Optimizing use and addressing challenges to uptake of biosimilars

Abstract

With the passing and implementation of the Biologics Price Competition and Innovation Act in 2010, biosimilars became a new classification of FDA-approved drugs. The biosimilar classification, created with a streamlined drug approval process, was intended to spur competition and reduce the cost of biological product therapies. Since the first FDA-approved biosimilar in 2015, the impact of biosimilars on the US biological product market remains to be seen. As more biosimilar products are approved and marketed, cost-savings are expected with predictions ranging from $54 billion to $250 billion by the mid-2020s. However, a multitude of factors may diminish the cost-saving potential of biosimilars. For biosimilars to gain market share, patients, physicians, and other healthcare professionals will need to accept biosimilars as safe and effective alternatives to reference-biologic products.

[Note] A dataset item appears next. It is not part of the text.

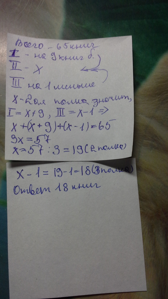 На 2-ой полке х на 1-ой х+9 на 3-ей х-1 х+х+9+х-1=65 3х=65-9+1 3х=57 х=19 На 3-ей полке 19-1=18 книг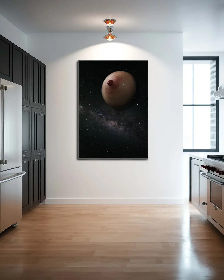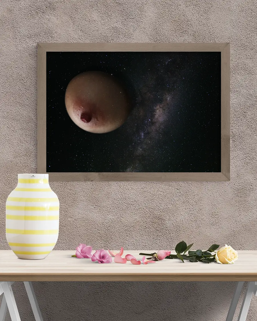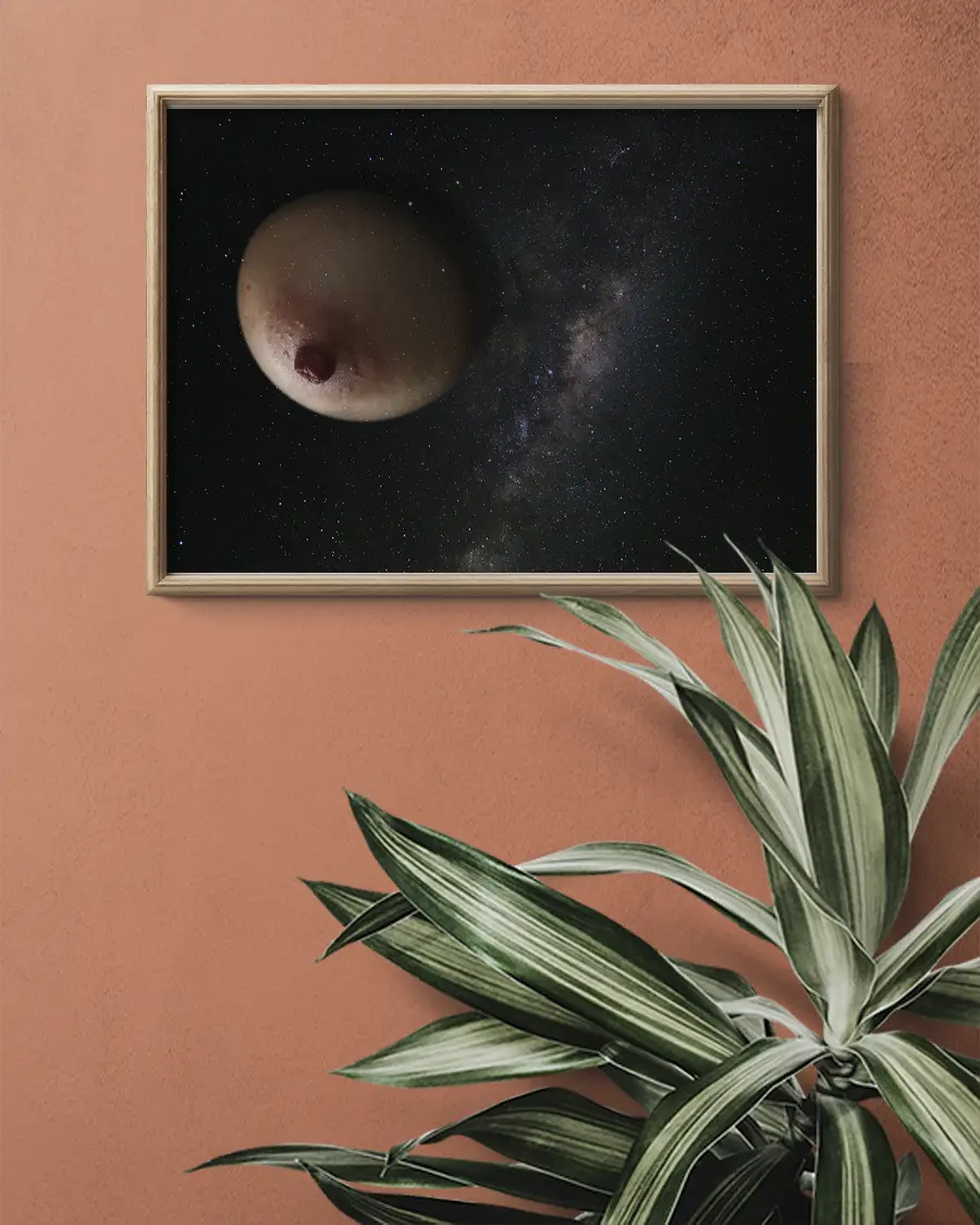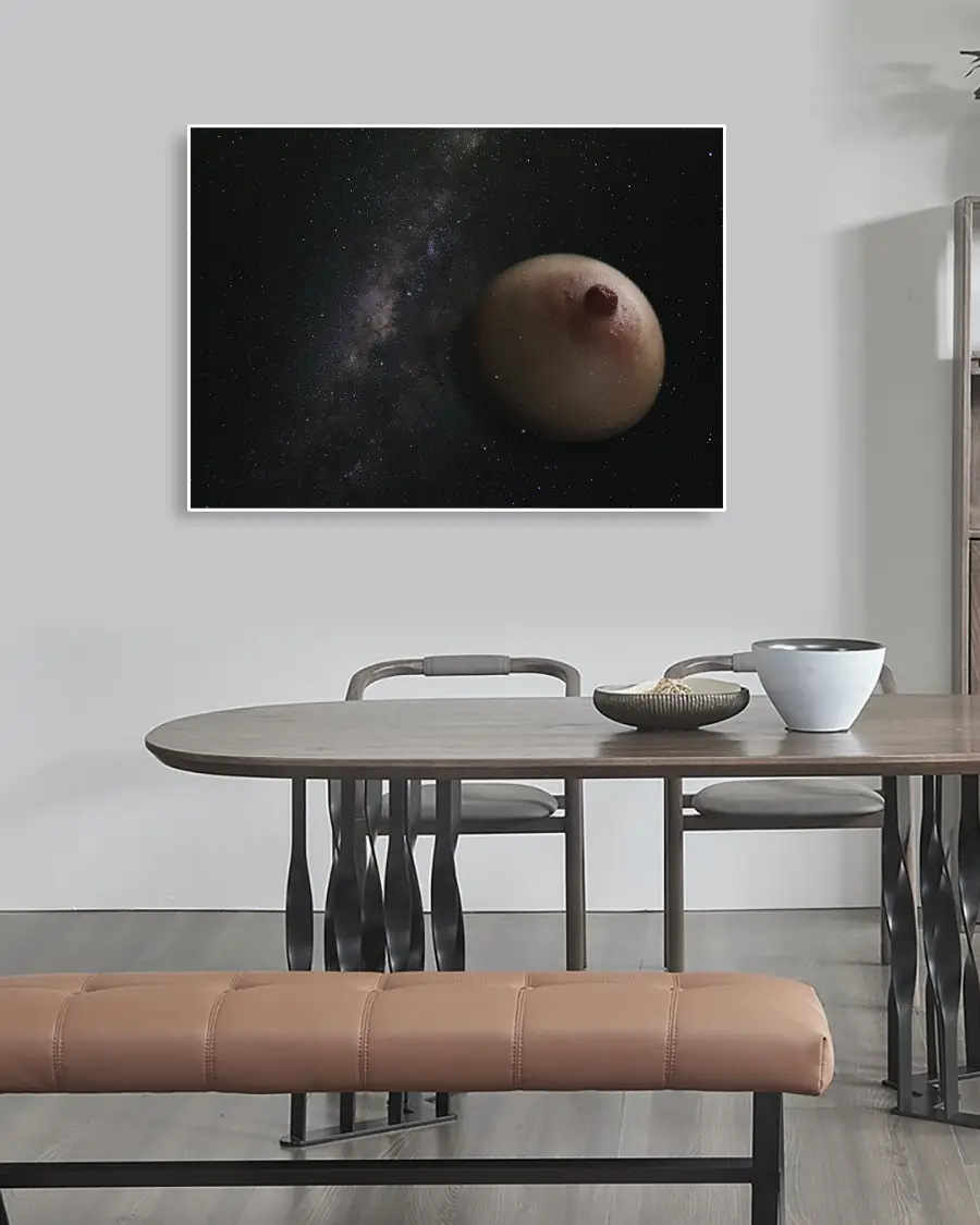 Med Vintergatan som bakgrund svävar ett kvinnligt bröst fritt som en planet.

A key factor in gaining this acceptance is educating the public, physicians, and healthcare professionals on the rigorous approval standards required of biosimilars by the FDA. Other factors that will affect market share of biosimilars include litigation actions by biopharmaceutical manufacturers; positions stated by physician organizations; and the influences of insurers and managed care. The clinical and basic science required for biosimilar approvals will be major underlying elements driving biosimilar acceptance and increased market presence.